Action item => Leaving out the images, transcribe every record below exactly.

****************

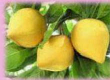
Quả lê ki ma
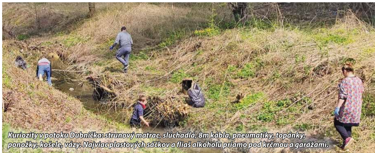
Kuriozity v potoku Dubníčka: strunový matrac, slúchadlá, 8m kábla, pneumatiky, topánky, ponožky, košeľe, vazy. Najviac plastových sáčkov a fliaš alkoholu priamo pod kráľovnou a garážami.
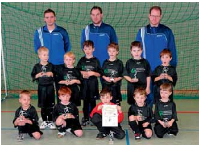
Die G-Jugend belegte beim Jugend-Hallenturnier des SV Grasheim den 8. Platz.
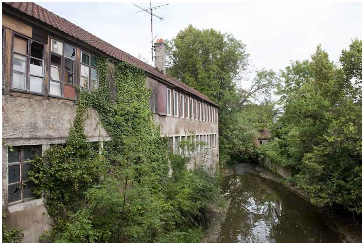
Façade est de l'atelier d'horlogerie depuis le passage couvert.
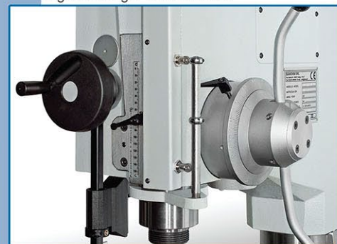
Impianto di maschiatura semiautomatico • Système de taraudage semi-automatique • Semi-automatic tapping system • Gewindeschneidenrichtung
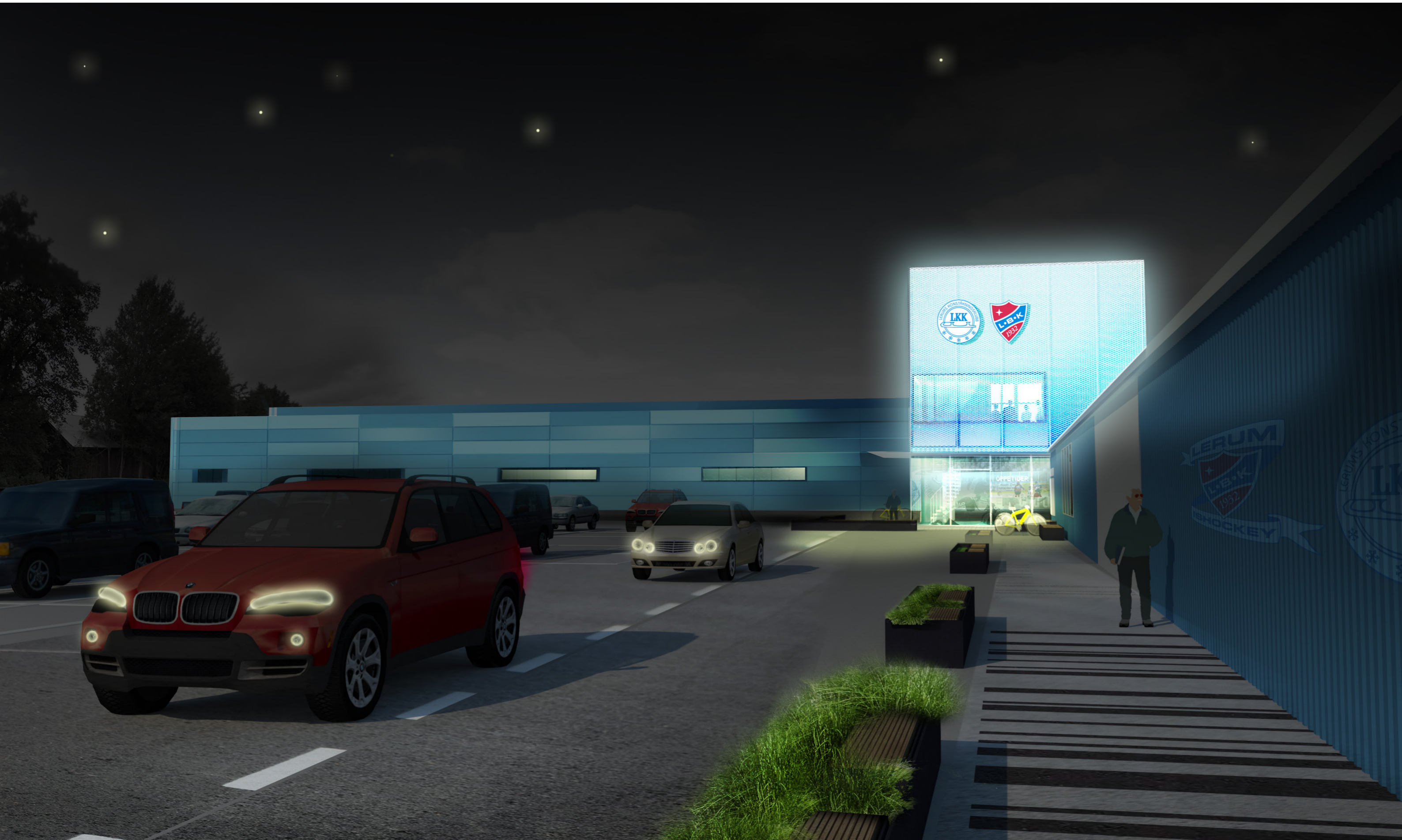
VÄTTLEHALLEN 2.0 (ISKUBEN)
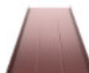
Classic C Classic Design C
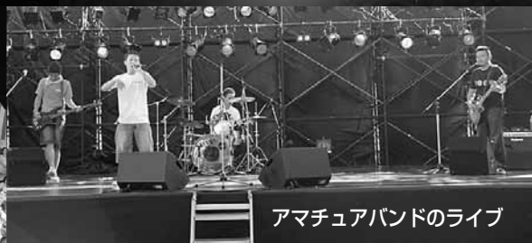
アマチュアバンドのライブ

****************

Answer to this exercise =>
Quả lê ki ma
Kuriozity v potoku Dubníčka: strunový matrac, slúchadlá, 8m kábla, pneumatiky, topánky, ponožky, košeľe, vazy. Najviac plastových sáčkov a fliaš alkoholu priamo pod kráľovnou a garážami.
Die G-Jugend belegte beim Jugend-Hallenturnier des SV Grasheim den 8. Platz.
Façade est de l'atelier d'horlogerie depuis le passage couvert.
Impianto di maschiatura semiautomatico • Système de taraudage semi-automatique • Semi-automatic tapping system • Gewindeschneidenrichtung
VÄTTLEHALLEN 2.0 (ISKUBEN)
Classic C Classic Design C
アマチュアバンドのライブ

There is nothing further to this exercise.